Tokyo Spice Tempura
Tempura, a delectable Japanese dish, traces its origins back to the 16th century when Portuguese missionaries introduced the technique to Japan. Over the centuries, tempura evolved and became a celebrated part of Japanese cuisine, enjoyed for its light and crispy texture. Tokyo, being a culinary epicenter, has refined tempura through intricate techniques and unique flavors, giving rise to Tokyo Spice Tempura, a modern twist on the classic dish. Infused with a blend of traditional Japanese spices, this variant offers a delightful balance of flavors that can elevate your tempura experience.
Ingredients
- Shrimp - 500g, peeled and deveined
- Pumpkin - 200g, sliced thinly
- Sweet Potato - 200g, sliced thinly
- Eggplant - 200g, sliced
- Tempura Batter Mix - 150g
- Ice Water - 200ml
- Soy Sauce - 100ml
- Wasabi - a pinch
- Ginger - 1 tablespoon, grated
- Shichimi Togarashi - 1 teaspoon
- Vegetable Oil - for frying
- Flour - 50g, for dusting
Preparation
The key to a good batter is keeping the ingredients cold. Start by chilling a mixing bowl and the ice water. Once chilled, in a separate large bowl, add the tempura batter mix and slowly stir in the ice water until the mixture is just combined. It’s important not to overmix to keep the batter airy.
Preparing the Ingredients
Shrimp
Ensure that the shrimp is fresh and deveined. Pat them dry with paper towels and dust lightly with flour. This helps the batter adhere properly.
Vegetables
Slice the pumpkin, sweet potato, and eggplant into uniform thin slices. Dust them with flour as well. Uniform slicing ensures even cooking and a consistent texture across all pieces.
Cooking Process
- Heat the vegetable oil in a deep pan to 180°C. Use a thermometer to ensure consistent heat. The oil should be deep enough for the shrimp and vegetables to submerge and cook evenly.
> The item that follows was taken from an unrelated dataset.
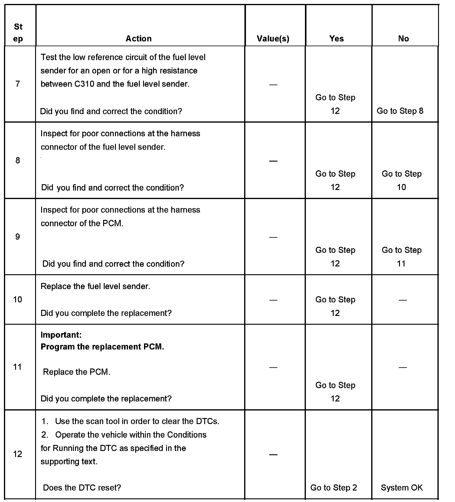 The number below refers to the step number on the diagnostic table.

- Dip the shrimp and vegetables one by one into the batter, covering them completely, then gently place them into the hot oil. Be careful not to overcrowd the pan as it will lower the oil’s temperature, leading to less crispy tempura.
- Fry the shrimp for about 2-3 minutes and the vegetables for about 3-4 minutes, or until golden and crisp. Use a cooking timer to track this precisely.
- Once cooked, use a slotted spoon to remove the tempura, allowing excess oil to drip back into the pan, and place them on paper towels to drain further.
Serving Suggestions
Tokyo Spice Tempura is best enjoyed immediately to relish the crispy texture. Serve it with a dipping sauce made by mixing soy sauce, wasabi, and ginger. For an added kick, sprinkle shichimi togarashi on top to enhance the dish’s spicy profile.
This delightful dish pairs beautifully with steamed rice or a bowl of soba noodles, creating a harmonious combination of flavors and textures that epitomizes Japanese cuisine at its finest. Enjoy your culinary journey into the heart of Tokyo with this simple yet exquisite delight.